Go through the data below and copy it exactly, skipping every picture.

GIVEN DATA →
+--
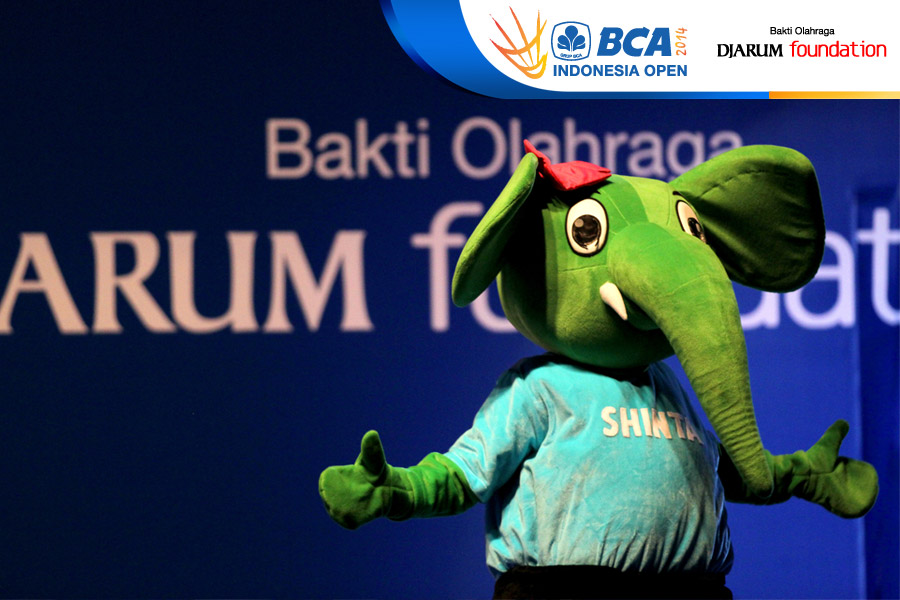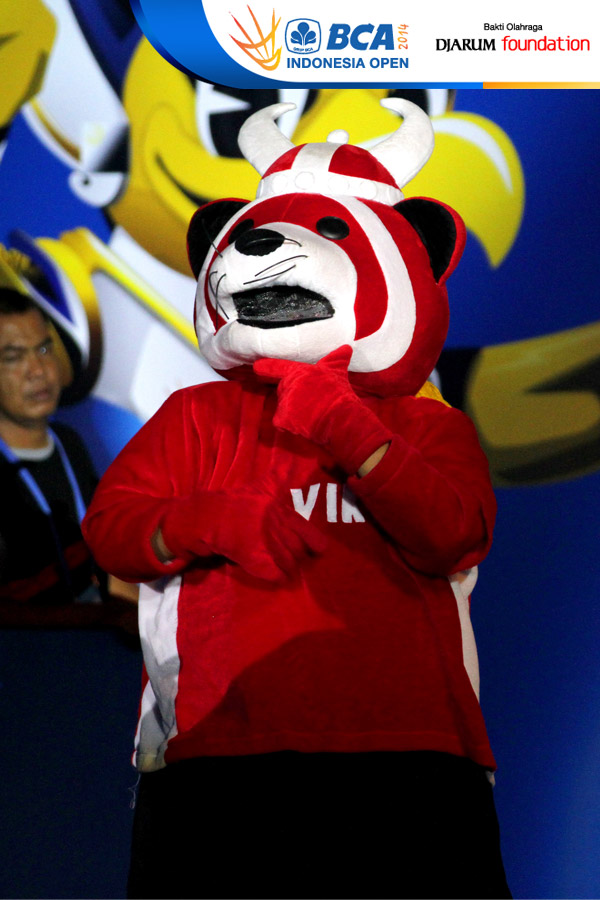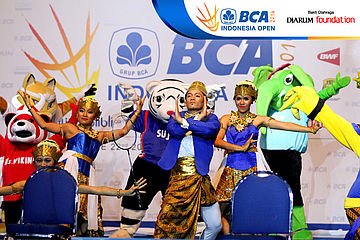 Sejumlah penari dan beberapa Maskot BCA Indonesia Open Super Series Premiere 2014, menari bersama
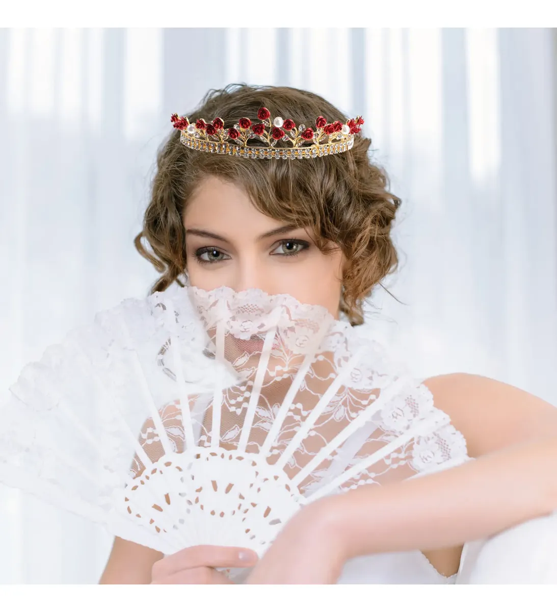 Coroa Artesanal Com Rosas E Strass Para Noiva
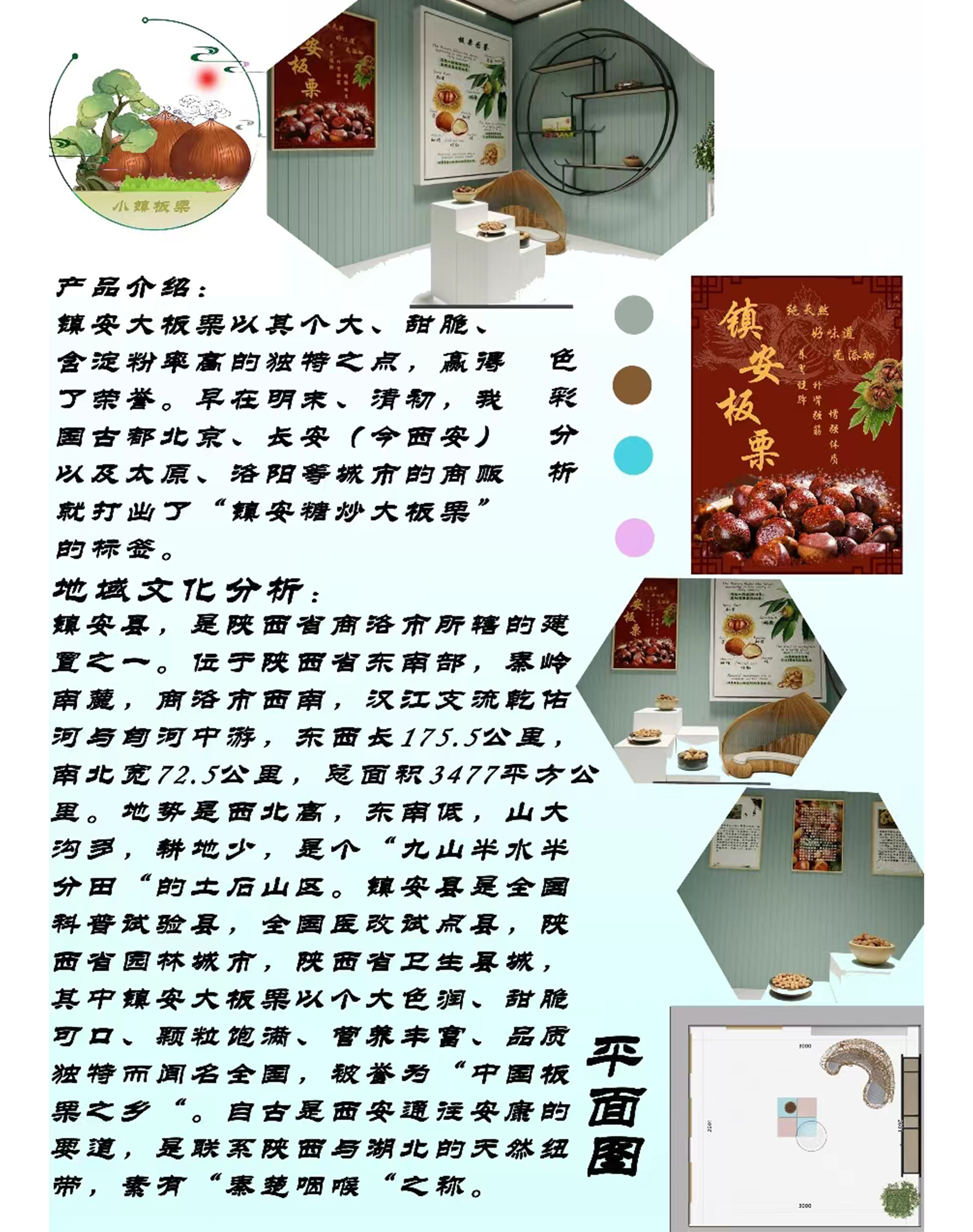 作品采用镇安板栗为原型,建造3*3m的展馆,馆内介绍镇安板栗相关信息以及其价值。对于板栗相关构造进行介绍,同时也让人们了解镇安的地域文化。采用板栗相关特征进行设计相关产品。
+--
ANSWER TO THE EXERCISE →
 Sejumlah penari dan beberapa Maskot BCA Indonesia Open Super Series Premiere 2014, menari bersama
 Coroa Artesanal Com Rosas E Strass Para Noiva
 作品采用镇安板栗为原型,建造3*3m的展馆,馆内介绍镇安板栗相关信息以及其价值。对于板栗相关构造进行介绍,同时也让人们了解镇安的地域文化。采用板栗相关特征进行设计相关产品。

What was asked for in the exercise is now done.